Dr. Youssef, “Hipokampus içindeki Tob geninin korku ve depresyonu bastırdığı sonucuna vardık” dedi. “Ancak kaygının bastırılması, beynin başka bir bölümü tarafından düzenlenmelidir.”
Daha sonra, OIST’in eski Davranış için Beyin Mekanizmaları Birimi’nden araştırmacılar, Tob geni olmayan farelerin hipokampüsü içindeki nöronların işlevini ölçtüler. Uyarımın arttığını, inhibisyonun azaldığını buldular, bu da farelerin davranışını etkileyecek olan genel dengenin etkilendiğini düşündürdü.
Son olarak, araştırmacılar fareleri strese maruz bıraktıktan sonra moleküler analizler yaptılar. İlginç bir şekilde, ifadenin stresle hemen değişmediğini buldular.

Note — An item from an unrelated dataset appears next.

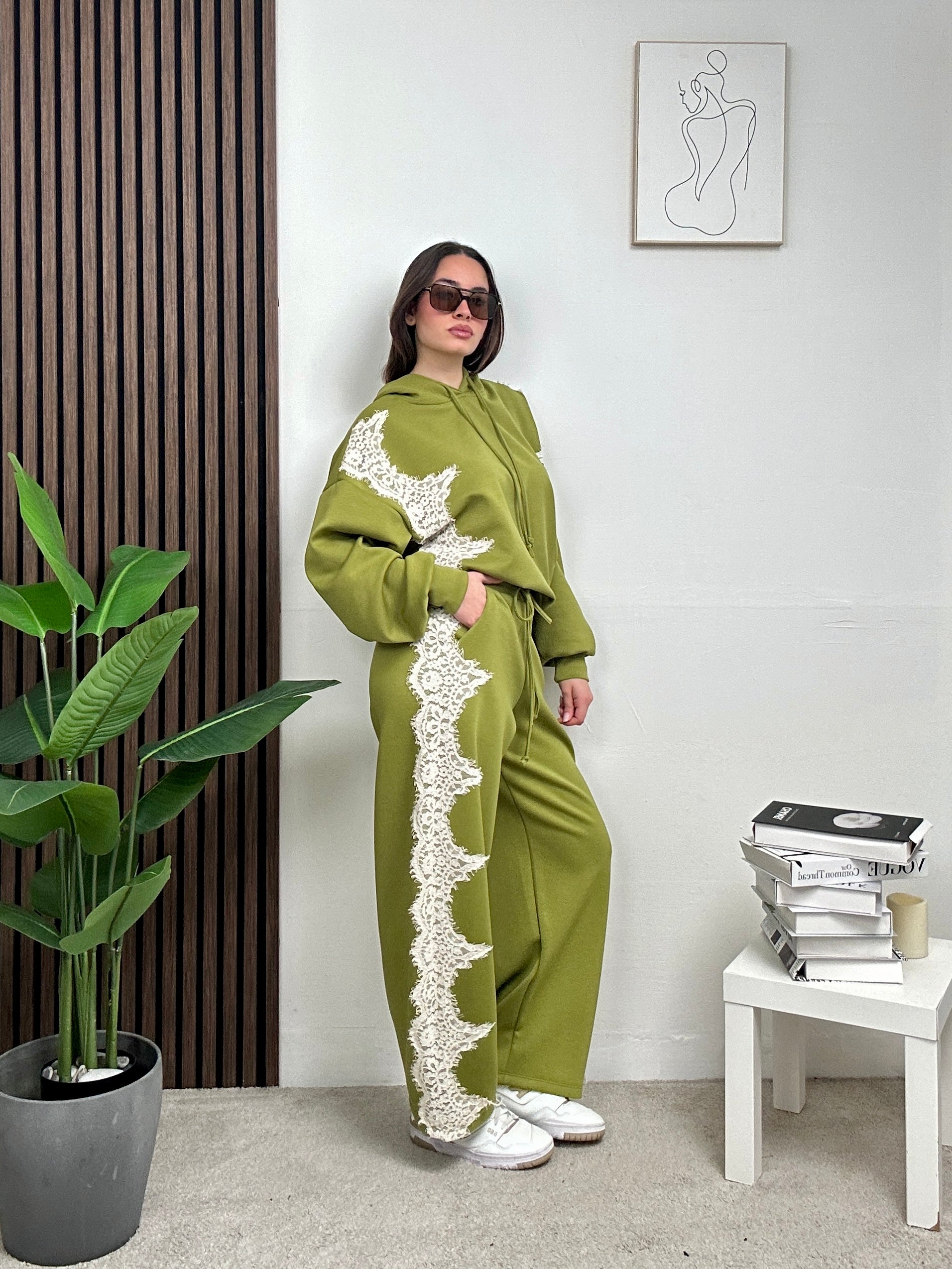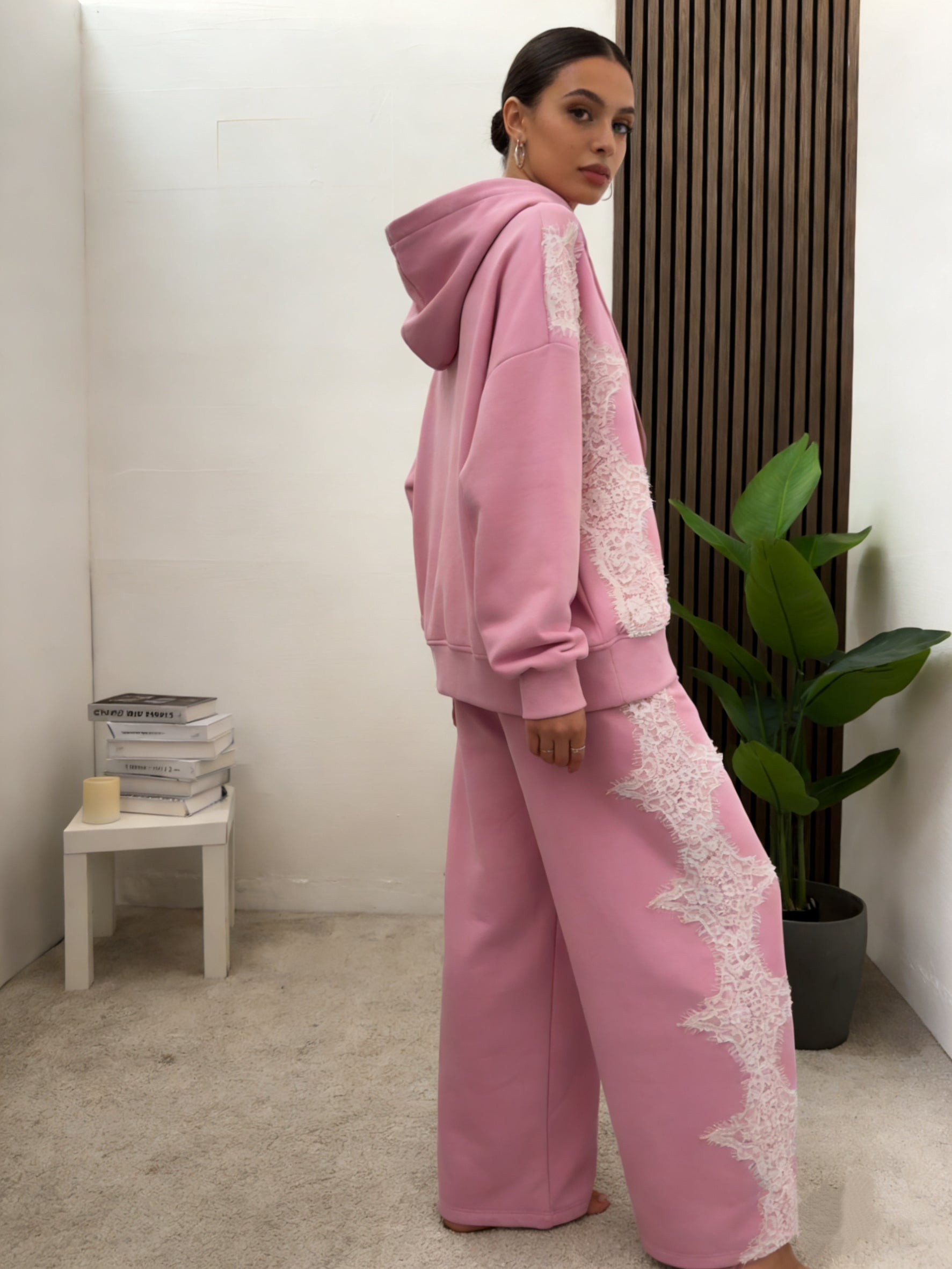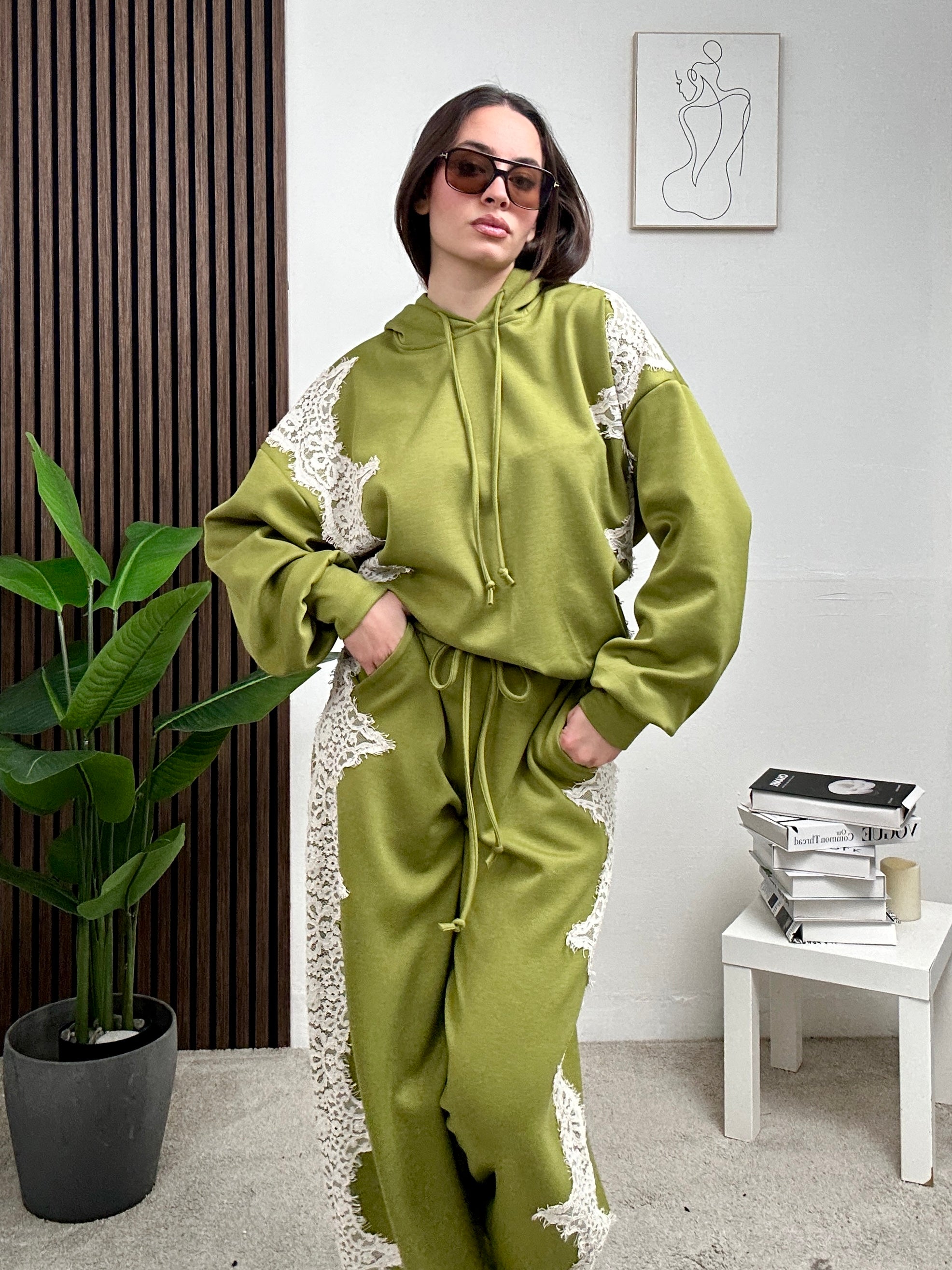 Coordinato LUMINA, presenta felpa oversize a maniche lunghe con cappello dietro e chiusura con zip frontale, pantalone a palazzo con molla in vita, elasticizzato e tasche frontali con ricamo laterale sia del pantalone che della felpa.
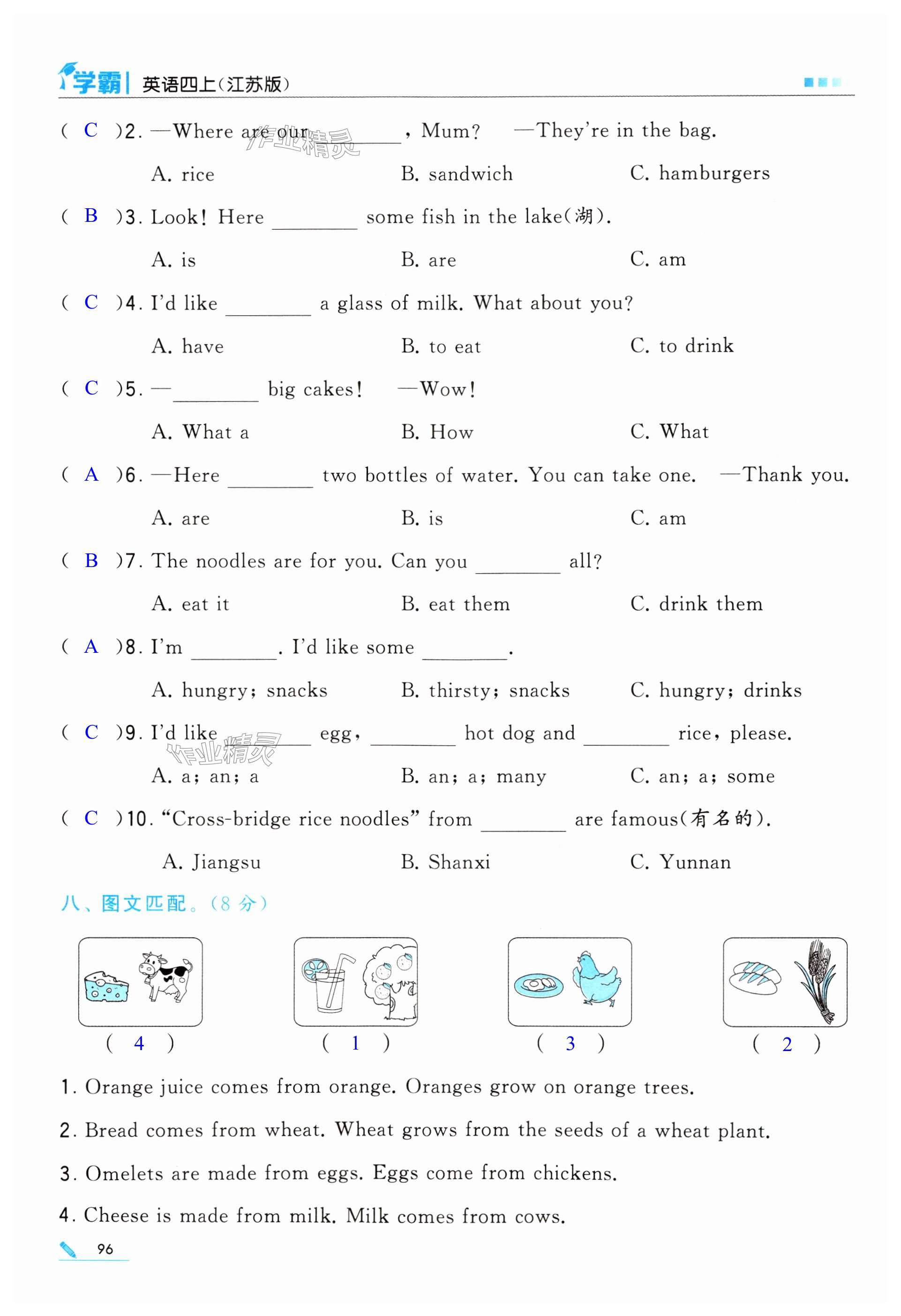 注:目前有些书本章节名称可能整理的还不是很完善,但都是按照顺序排列的,请同学们按照顺序仔细查找。练习册 2024年学霸甘肃少年儿童出版社四年级英语上册译林版 答案主要是用来给同学们做完题方便对答案用的,请勿直接抄袭。

Ancak fareleri strese maruz bıraktıktan 15 dakika sonra değişiklikler oldu. Tob geninin silinmesi durumunda diğer genler ve proteinler etkilenmiştir. Bu, Tob geninin muhtemelen birden fazla doğrudan ve dolaylı etkiye sahip olduğunu göstermektedir.
Dr. Youssef, “Tob geninin korku, depresyon ve kaygıdaki bu rolünü ortaya çıkarmak, psikiyatrik stres için terapötikler geliştirmek için büyük etkilere sahip olabilir” dedi.